Traders Spy on Oklahoma Hub With Satellites, Sensors and Infrared Cameras
October 2nd, 2012Via: NPR:
The bottleneck of crude stored in Cushing, Okla., has become the country’s “biggest bank vault of oil,” Businessweek’s Matthew Phillips writes. And it’s only getting bigger.
The clog — which is pushing down the price of West Texas Intermediate crude from Oklahoma, creating a gap with its international rival, Brent — is making traders rich.
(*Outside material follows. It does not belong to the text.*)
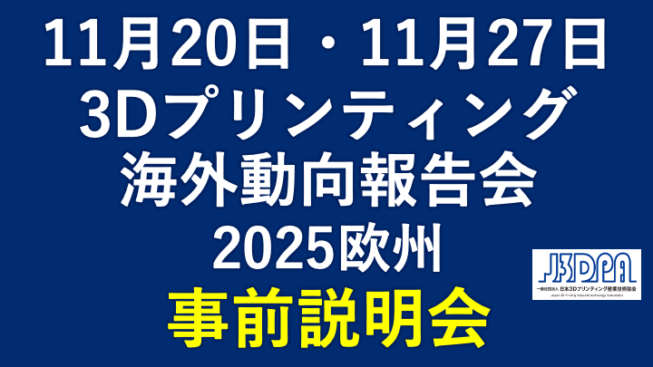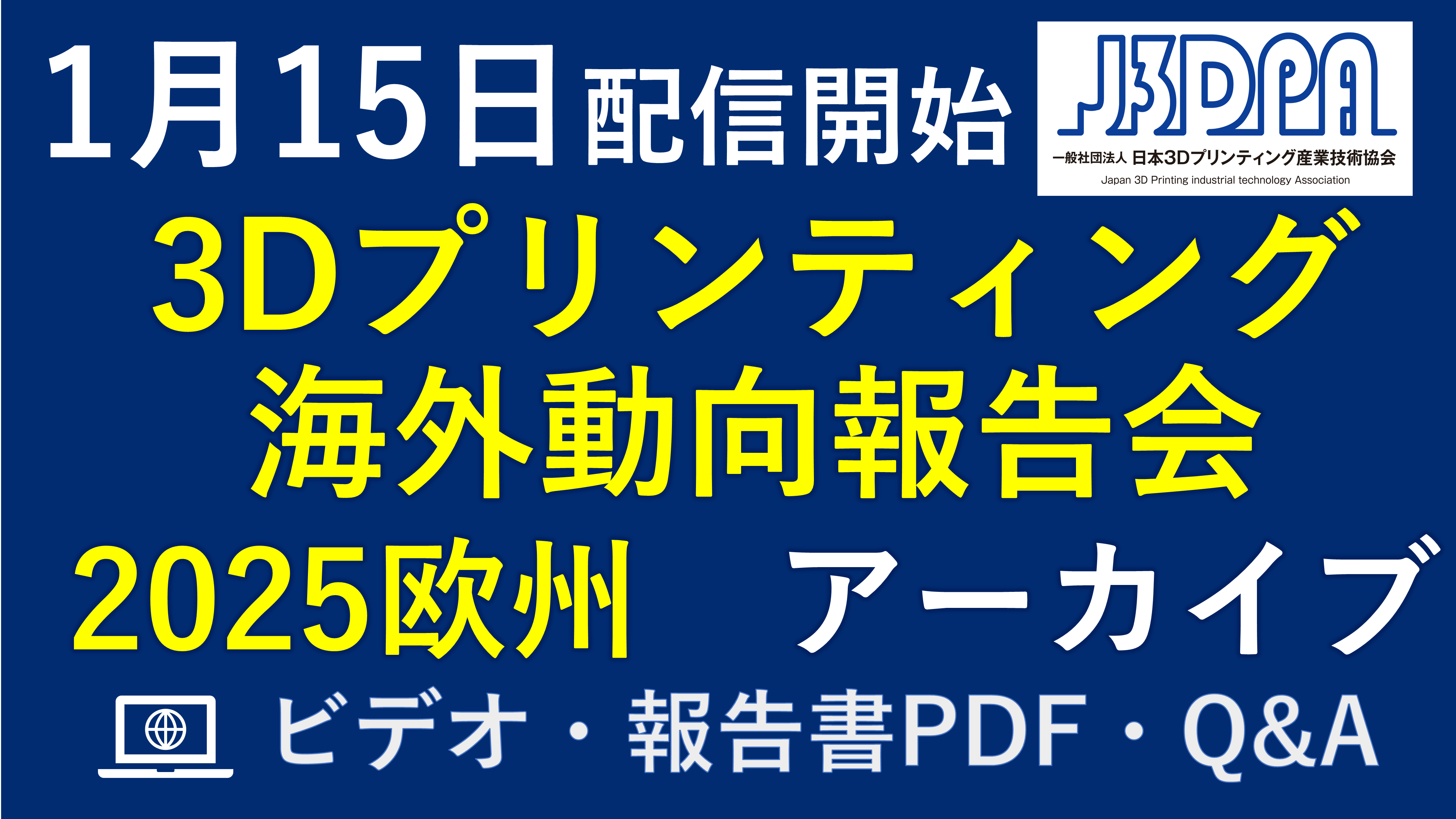 最新情報 ロードマップ 10月3日 AM技術ロードマップ セミナー 10月20日 - 10月27日 事前説明会:3Dプリンティング海外動向報告会2025欧州 セミナー 10月22日 アディティブ・マニュファクチャリングによる素材加工革新 〜 セラミックス、CFRPの可能性と最新動向 セミナー 10月30日 アディティブ・マニュファクチャリング設計革新〜進化するDfAM セミナー 11月6日 アディティブ・マニュファクチャリング設計革新〜進化するDfAM 調査報告 12月22日 3Dプリンティング海外動向報告会2025(欧州) 調査報告 2026年1月15日 3Dプリンティング海外動向報告会2025(欧州) 調査報告 2026年1月15日 配信開始 3Dプリンティング海外動向報告会2025(欧州) シンポジウム 2026年1月21日 第16回AMシンポジウム (準備中) :会場開催のイベント等、:ウェビナー・WEBコンテンツ等

Information is everything, and traders are using high-tech extremes to extract data about oil storage and flow from the high-security oil hub. Photographers in helicopters? That’s relatively low-level when it comes to these storage tank spy games, Businessweek reports:
Recently, photographers have started using infrared cameras to peer inside the tanks. The difference in heat can often show where the oil line is.
Aerial photography is common. A bird’s-eye view allows analysts to estimate storage levels by calculating the angle of shadows cast by massive tanks’ floating roofs.
And that’s just the beginning.
A private “energy intelligence” company called Genscape is funding much of the high-tech surveillance, reports Businessweek, whose parent company — Bloomberg — also does their own Cushing surveillance by way of twice-weekly satellite flyovers.